» **Work instruction**: Below are records with pictures in them. Output exactly the lines from the one with "Мультяшные брендовые флисовые" through the one with "19日間の座学研修でITインフラの基礎(ネットワーク/サーバー)を学びます。", both included, and leave every picture out; give only those lines.

» **Supplied data**:
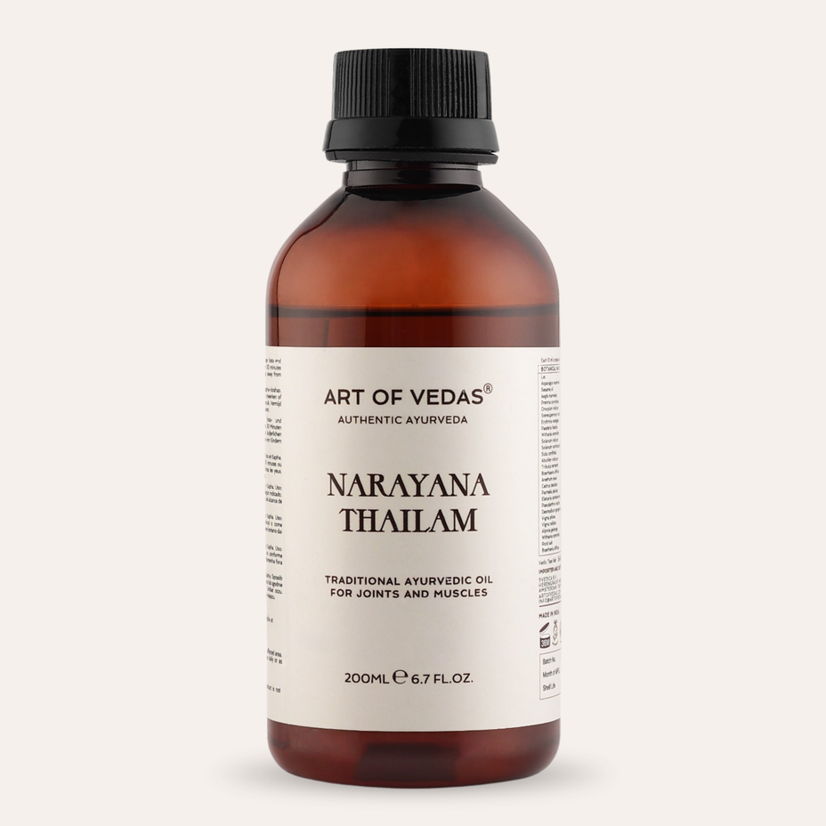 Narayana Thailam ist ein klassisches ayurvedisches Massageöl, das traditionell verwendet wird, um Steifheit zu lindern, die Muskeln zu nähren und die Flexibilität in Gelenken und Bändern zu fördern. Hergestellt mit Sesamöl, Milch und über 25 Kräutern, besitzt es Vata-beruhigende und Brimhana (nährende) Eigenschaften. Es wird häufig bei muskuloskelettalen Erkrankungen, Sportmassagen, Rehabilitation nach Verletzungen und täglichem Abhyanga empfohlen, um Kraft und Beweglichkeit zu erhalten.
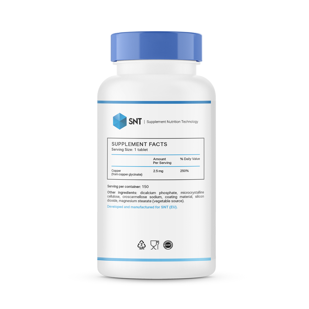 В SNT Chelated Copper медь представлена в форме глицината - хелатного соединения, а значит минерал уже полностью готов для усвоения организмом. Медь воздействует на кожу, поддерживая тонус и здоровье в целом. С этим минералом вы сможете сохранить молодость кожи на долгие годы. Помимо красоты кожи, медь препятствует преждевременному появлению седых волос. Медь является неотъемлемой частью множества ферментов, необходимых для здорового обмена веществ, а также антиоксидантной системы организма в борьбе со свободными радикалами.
* * *
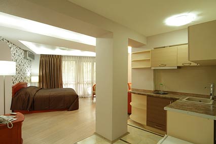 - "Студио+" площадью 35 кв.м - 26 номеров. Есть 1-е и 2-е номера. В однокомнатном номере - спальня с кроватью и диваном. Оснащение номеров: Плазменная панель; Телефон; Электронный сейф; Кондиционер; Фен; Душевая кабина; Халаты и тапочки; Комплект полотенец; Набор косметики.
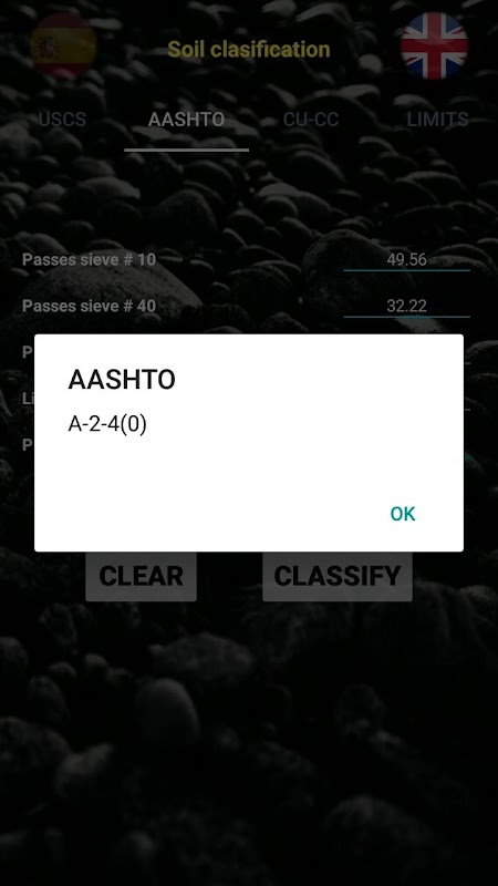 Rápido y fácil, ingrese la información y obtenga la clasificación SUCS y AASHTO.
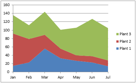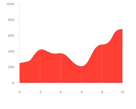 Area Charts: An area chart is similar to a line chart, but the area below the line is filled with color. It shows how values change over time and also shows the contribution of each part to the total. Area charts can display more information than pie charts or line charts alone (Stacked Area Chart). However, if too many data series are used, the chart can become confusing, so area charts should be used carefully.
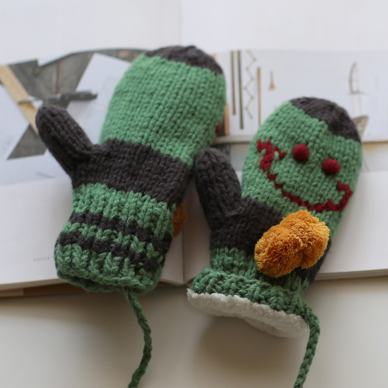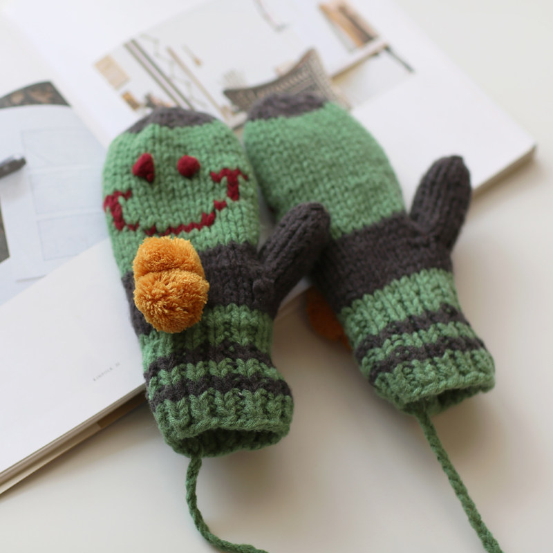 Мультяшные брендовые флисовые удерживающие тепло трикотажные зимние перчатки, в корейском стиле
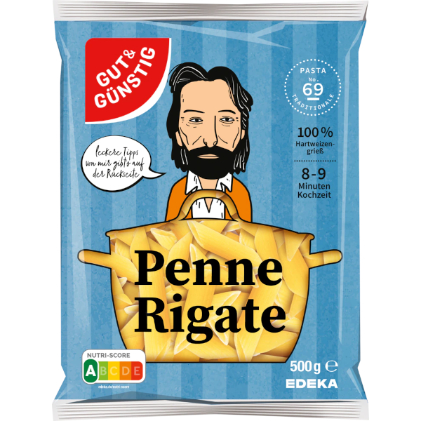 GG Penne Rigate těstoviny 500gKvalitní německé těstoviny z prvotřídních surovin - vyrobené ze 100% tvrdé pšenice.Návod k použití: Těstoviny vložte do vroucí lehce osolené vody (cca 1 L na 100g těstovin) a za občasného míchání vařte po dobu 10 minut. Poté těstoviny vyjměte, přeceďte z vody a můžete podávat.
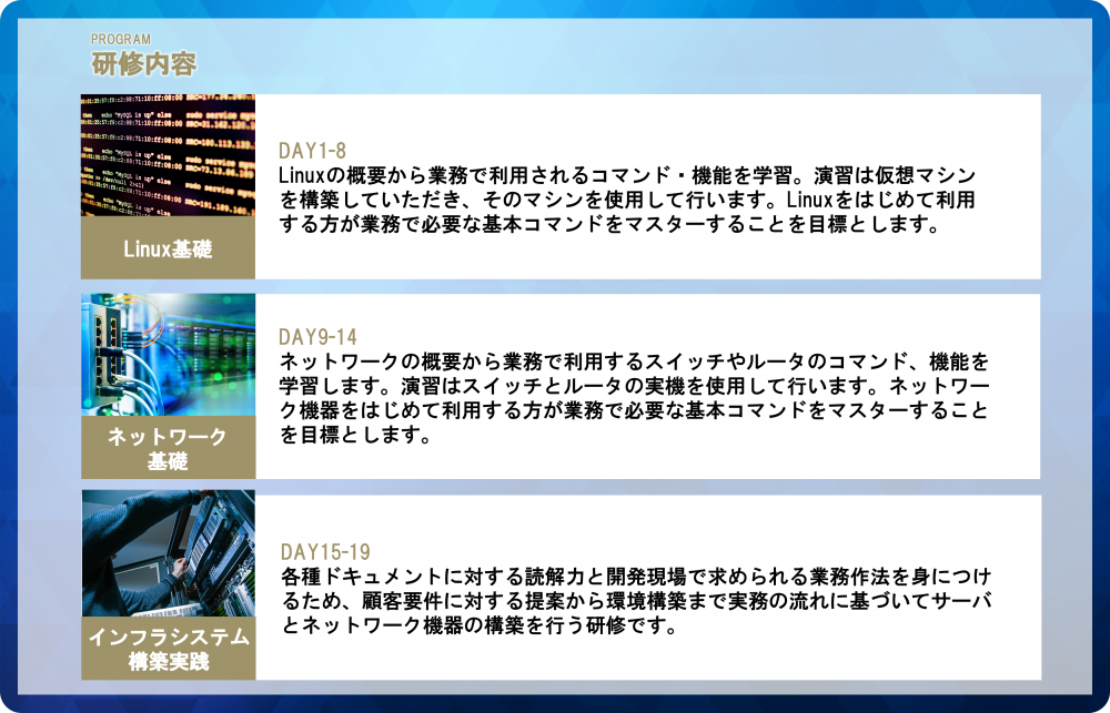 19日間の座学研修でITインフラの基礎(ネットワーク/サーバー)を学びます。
--
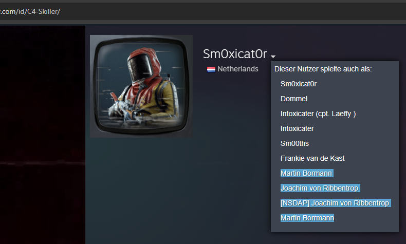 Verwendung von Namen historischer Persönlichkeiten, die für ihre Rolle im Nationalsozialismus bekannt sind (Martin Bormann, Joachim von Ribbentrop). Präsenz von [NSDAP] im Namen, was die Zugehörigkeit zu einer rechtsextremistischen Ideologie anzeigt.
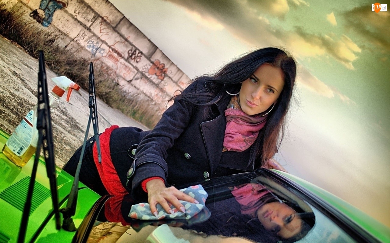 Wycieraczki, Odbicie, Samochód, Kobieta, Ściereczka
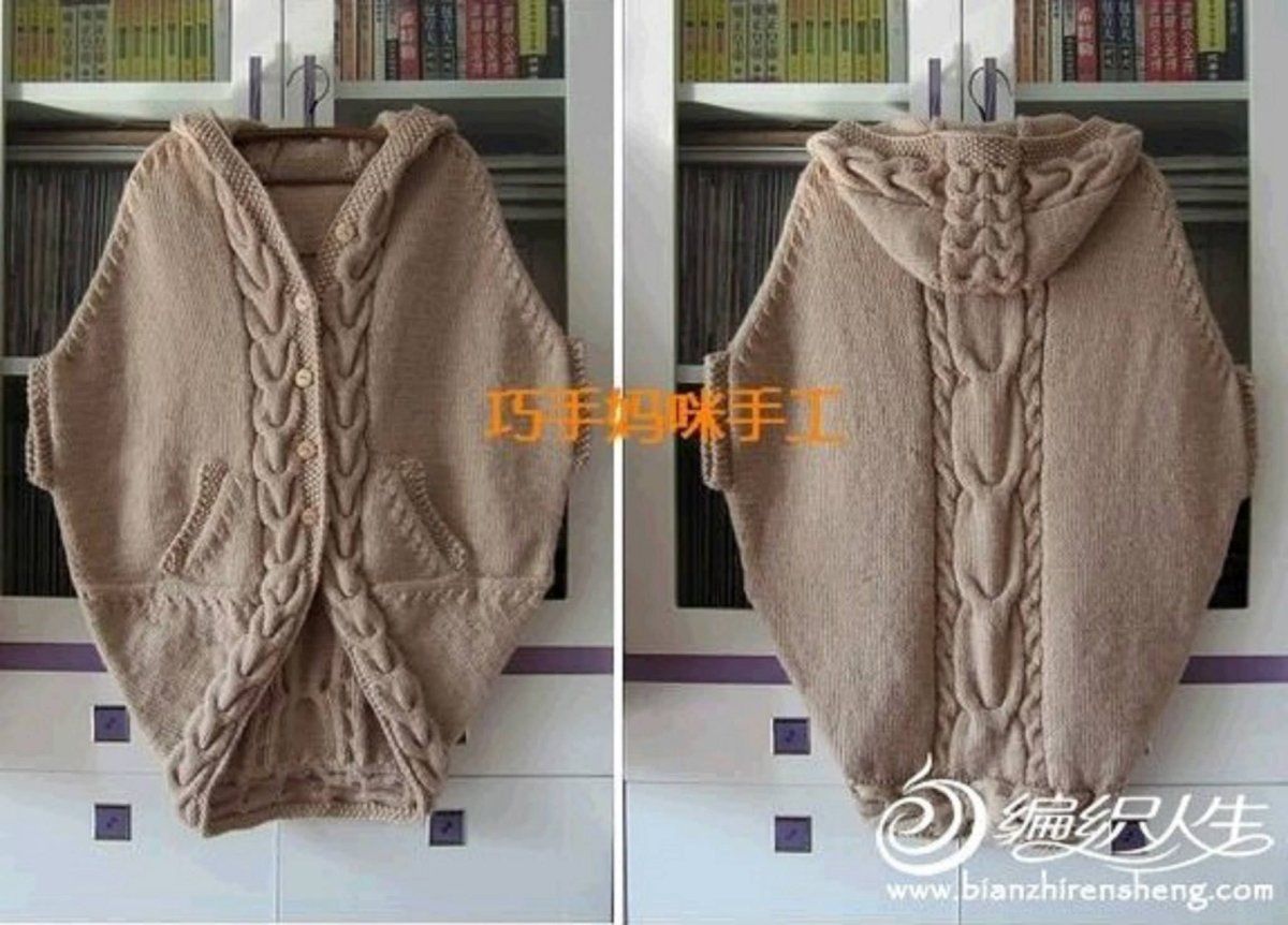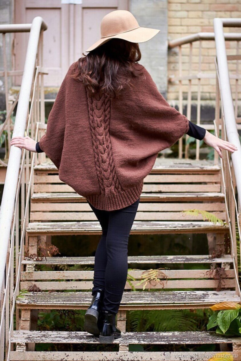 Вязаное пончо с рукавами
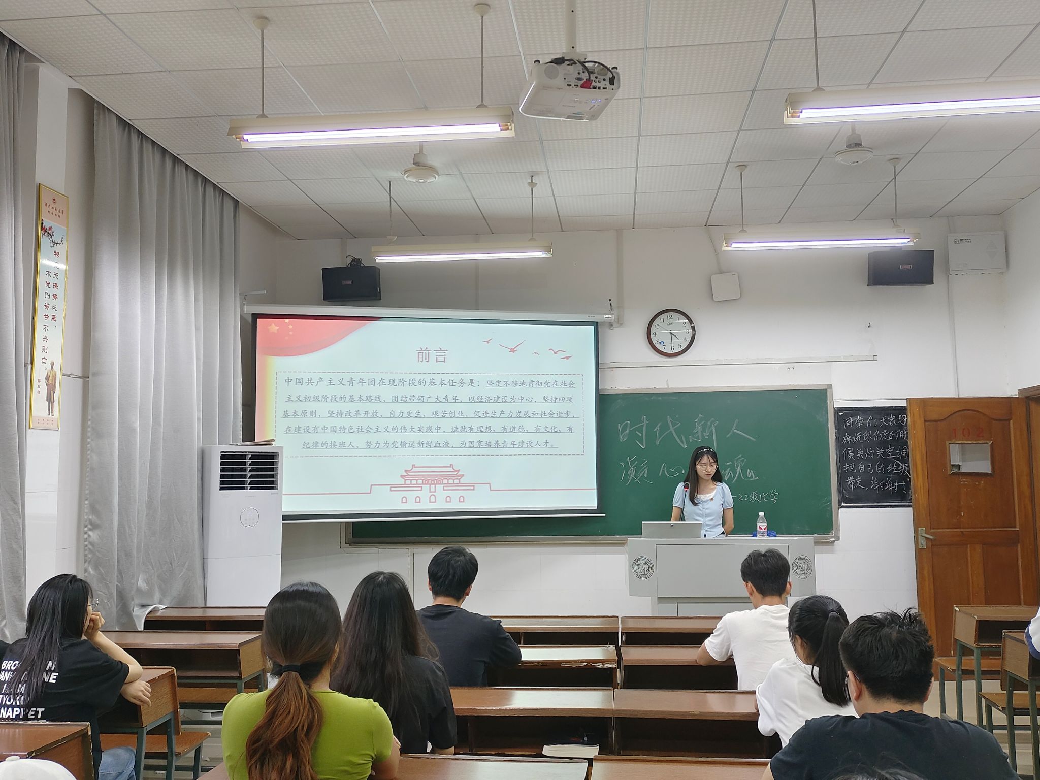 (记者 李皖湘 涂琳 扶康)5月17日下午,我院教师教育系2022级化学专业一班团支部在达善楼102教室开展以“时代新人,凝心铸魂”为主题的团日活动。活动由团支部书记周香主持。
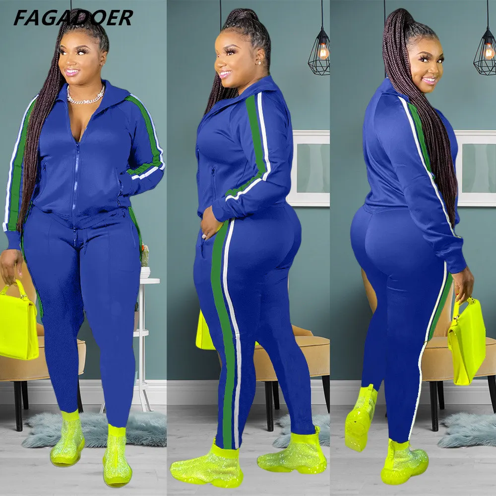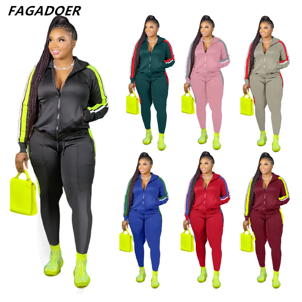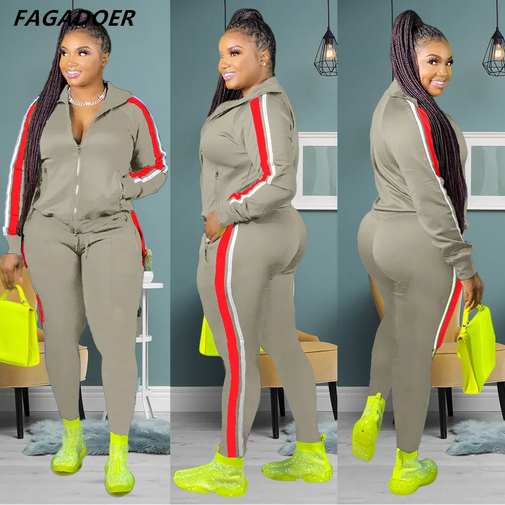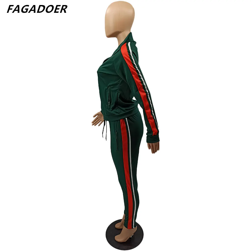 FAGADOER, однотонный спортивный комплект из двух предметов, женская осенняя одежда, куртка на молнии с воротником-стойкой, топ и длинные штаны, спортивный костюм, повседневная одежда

» **Result of the exercise**:
 Мультяшные брендовые флисовые удерживающие тепло трикотажные зимние перчатки, в корейском стиле
 GG Penne Rigate těstoviny 500gKvalitní německé těstoviny z prvotřídních surovin - vyrobené ze 100% tvrdé pšenice.Návod k použití: Těstoviny vložte do vroucí lehce osolené vody (cca 1 L na 100g těstovin) a za občasného míchání vařte po dobu 10 minut. Poté těstoviny vyjměte, přeceďte z vody a můžete podávat.
 19日間の座学研修でITインフラの基礎(ネットワーク/サーバー)を学びます。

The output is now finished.